Rank Magic

Is Your Bounce Rate Too High?

What’s a bounce rate?

Your bounce rate is the percentage of visitors to your site who bounce. What’s a bounce? It’s a very simple but important concept. When someone arrives at your website, takes one look and leaves without visiting any other pages — that’s a bounce. At a recent symposium, one presenter summed it up like this: “They came, they puked, they left.”

If lots of visitors on your web site bounce away, you’re losing them as customers. Clearly, lots of bounces are visitors who weren’t really looking for you, but for something else. When they bounce, they don’t represent lost sales. But when a real prospective customer bounces, they’re going to do business with one of your competitors. And that’s never good.

How do I tell my bounce rate?

Many hosting companies provide site analytics that display your bounce rate. Failing that, install the free Google Analytics on your site, and you can track the progress of your bounce rate over time very easily.

What’s a good bounce rate?

That may depend on your business. Retail websites typically experience about a 20-40% bounce rate. Well optimized content websites normally have a bounce rate in the 40-60% range. If your bounce rate is over 60%, you should be concerned. If it’s over 80%, you have a major problem.

How do I improve it?

First, make sure your bounce rates aren’t because people are finding you by searching for stuff you’re not optimized for. If they find you by accident when they’re really looking for something else, those bounces are fine. But if people find you by searching important keywords, those are the bounces you want to improve.

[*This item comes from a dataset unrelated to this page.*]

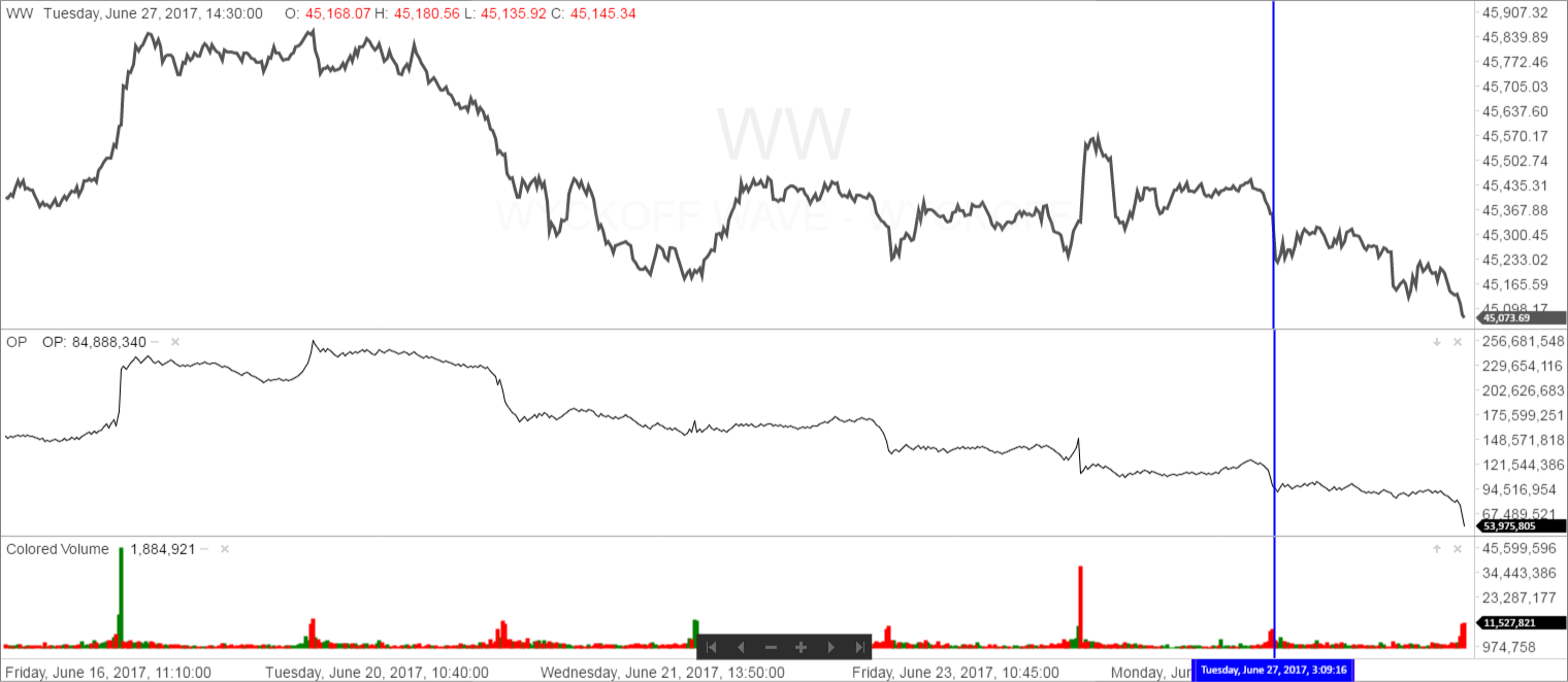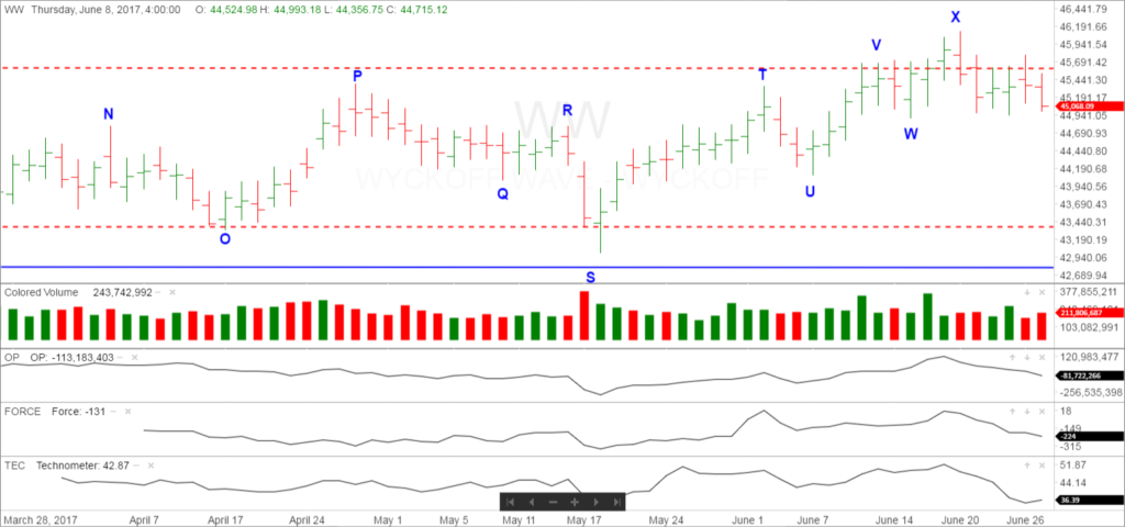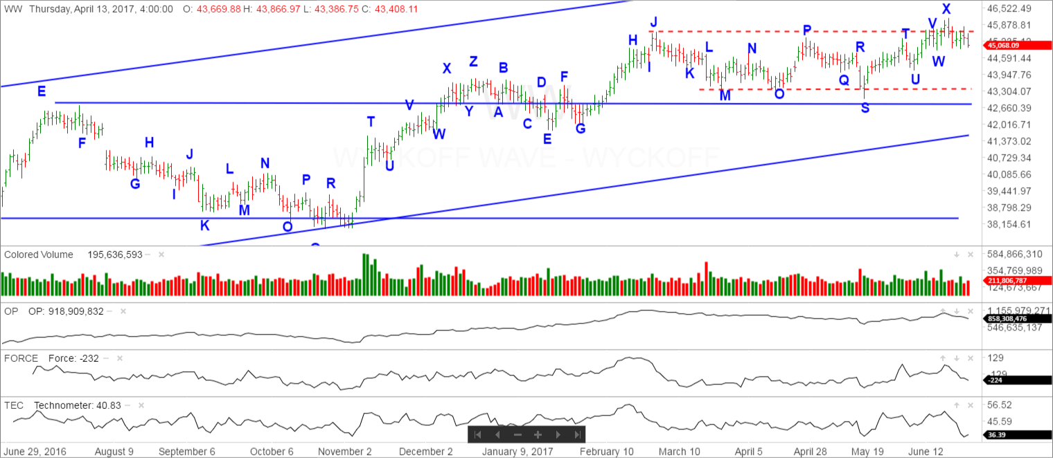 The stock market, as measured by the Wyckoff Wave opened slightly lower, and spent the rest of the day stair stepping lower to close at the low of the day. Volume was slightly higher today, but would like to see this increase if we have experienced an upthrust and test.

Make sure it’s immediately obvious when someone lands on one of your pages by searching a relevant keyword phrase that the page makes it immediately clear that they’re in the right place. You have no more than 8 seconds to convince them your page is really all about what they searched for. Check your main above-the-fold headline and any other above-the-fold sub-headings.

Then make sure your web page isn’t turning them off. Check the copywriting and make sure you have appealing content. Mike Williams has written about common writing mistakes that contribute to a high bounce rate and which you need to avoid.

Make those changes and watch your bounce rate. If it doesn’t improve, look for other ways to keep people engaged on your site. Link to related content, use call to action links, and give your visitors what they’re looking for.